Performs full-set evaluation and coordinates metric calculation.

Parameters:

Name Type Description Default
model Module

The trained neural network.

required
test_loader DataLoader[Any]

DataLoader for the evaluation set.

required
device device

Hardware target (CPU/CUDA/MPS).

required
use_tta bool

Flag to enable Test-Time Augmentation.

False
is_anatomical bool

Dataset-specific orientation constraint.

False
is_texture_based bool

Dataset-specific texture preservation flag.

False
aug_cfg AugmentationConfig | None

Augmentation sub-configuration (required for TTA).

None
resolution int

Dataset resolution for TTA intensity scaling.

28

Returns:

Type Description
tuple[NDArray[Any], NDArray[Any], dict[str, float], float]

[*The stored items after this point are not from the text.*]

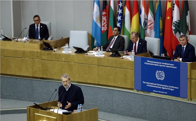 لاریجانی با اشاره به نقش ایران و روسیه در مبارزه با مواد مخدر گفت : برای کشورهای روسیه، ایران، چین، تاجیکستان و پاکستان در مسیر ترانزیت هستند مبارزه با مواد مخدر بسیار پراهمیت است. کشورهای عضو ناتو باید به وظایف خود عمل کنند و موضوع مبارزه سهم گذاری شود تا مبارزه با مواد مخدر جدی پیگیری شود.
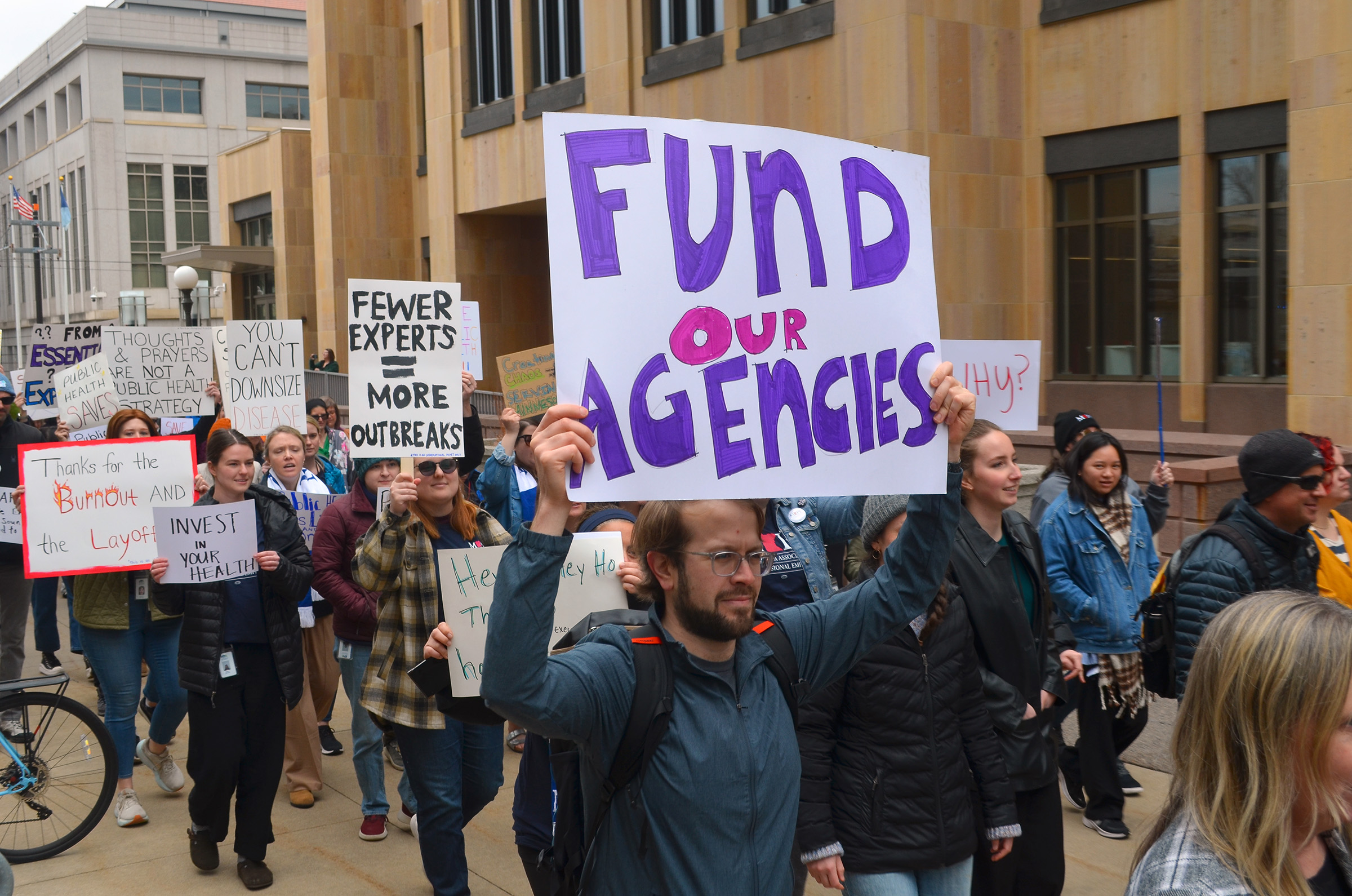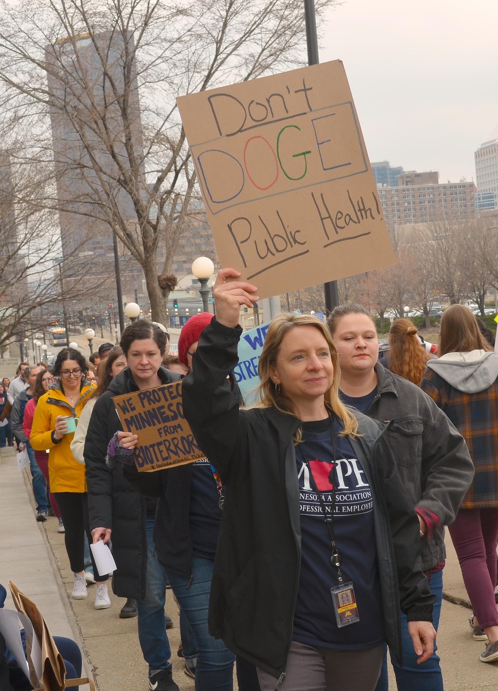 Members of the Minnesota Association of Professional Employees (MAPE) held informational picketing in support of about 170 employees at the Department of Health who have been laid off as a result of federal funding cuts.
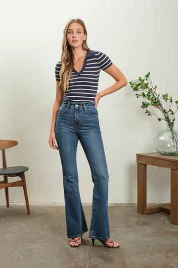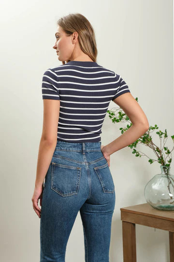 SPLIT NECK COLLARED RIBBED KNIT SHORT SLEEVE STRIPE PRINT 70%VISCOSE, 30%POLYESTER
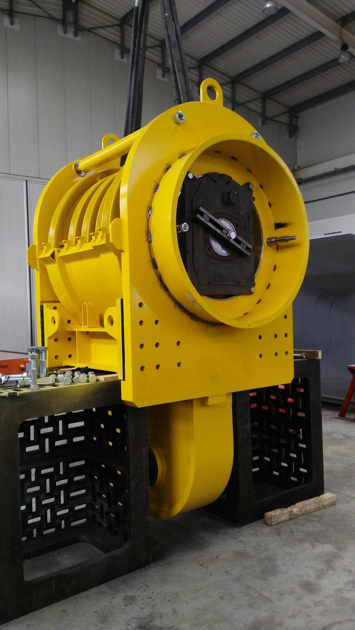 Dělené provedení s odnímatelnými bočnicemi umožňuje snadnější montáž, demontáž i servis jednotlivých částí, zejména výměnu kladek nebo snímačů vážení přímo v provozu bez nutnosti rozsáhlé demontáže zařízení. Kladky jsou uloženy na čepu pomocí valivých ložisek a jejich mazání je zajištěno maznicemi přístupnými v různých polohách kladek. Konstrukce zároveň umožňuje instalaci snímačů vážení pro registraci hmotnosti manipulovaného břemene.
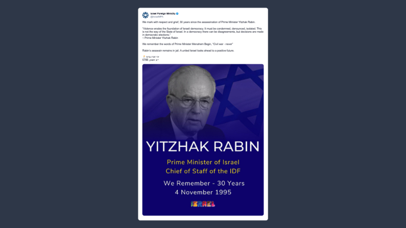 Ministero Esteri israeliano: 30 anni dall’assassinio del primo ministro Yitzhak Rabin
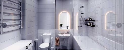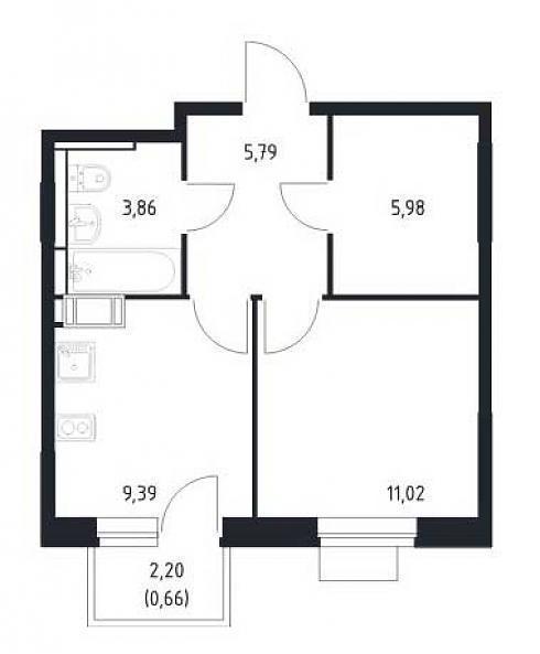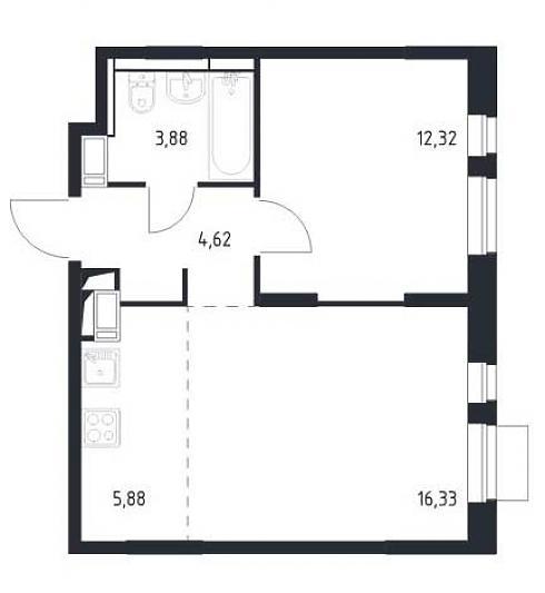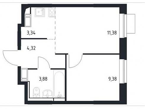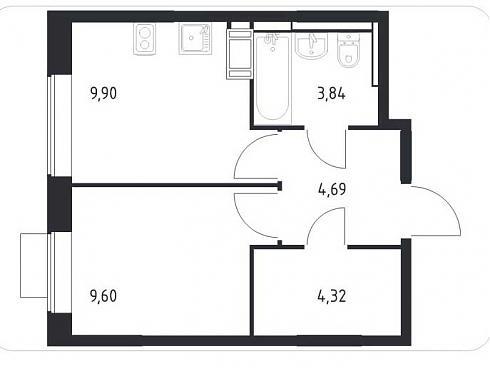 Однокомнатные квартиры располагают входной зоной площадью от 4,62 до 5,79 кв.м., совмещенным санузлом площадью от 3,86 кв.м., кухней площадью от 9,3 до 22,3 кв.м., спальней площадью от 9,6 до 12,32 кв.м. Встречаются гардеробные площадью от 4,32 до 5,98 кв.м. и балконы площадью 2,2 кв.м.

tuple[np.ndarray, np.ndarray, dict, float]: A 4-tuple of:

  • all_preds -- Predicted class indices, shape (N,)
  • all_labels -- Ground truth labels, shape (N,)
  • metrics -- dict[str, float] with keys accuracy, auc, f1
  • macro_f1 -- Macro-averaged F1 score (convenience shortcut)
Source code in orchard/evaluation/evaluator.py
def evaluate_model(
    model: nn.Module,
    test_loader: DataLoader[Any],
    device: torch.device,
    use_tta: bool = False,
    is_anatomical: bool = False,
    is_texture_based: bool = False,
    aug_cfg: AugmentationConfig | None = None,
    resolution: int = 28,
) -> tuple[npt.NDArray[Any], npt.NDArray[Any], dict[str, float], float]:
    """
    Performs full-set evaluation and coordinates metric calculation.

    Args:
        model: The trained neural network.
        test_loader: DataLoader for the evaluation set.
        device: Hardware target (CPU/CUDA/MPS).
        use_tta: Flag to enable Test-Time Augmentation.
        is_anatomical: Dataset-specific orientation constraint.
        is_texture_based: Dataset-specific texture preservation flag.
        aug_cfg: Augmentation sub-configuration (required for TTA).
        resolution: Dataset resolution for TTA intensity scaling.

    Returns:
        tuple[np.ndarray, np.ndarray, dict, float]: A 4-tuple of:

            - **all_preds** -- Predicted class indices, shape ``(N,)``
            - **all_labels** -- Ground truth labels, shape ``(N,)``
            - **metrics** -- dict[str, float] with keys ``accuracy``, ``auc``, ``f1``
            - **macro_f1** -- Macro-averaged F1 score (convenience shortcut)
    """
    model.eval()
    all_probs_list: list[npt.NDArray[Any]] = []
    all_labels_list: list[npt.NDArray[Any]] = []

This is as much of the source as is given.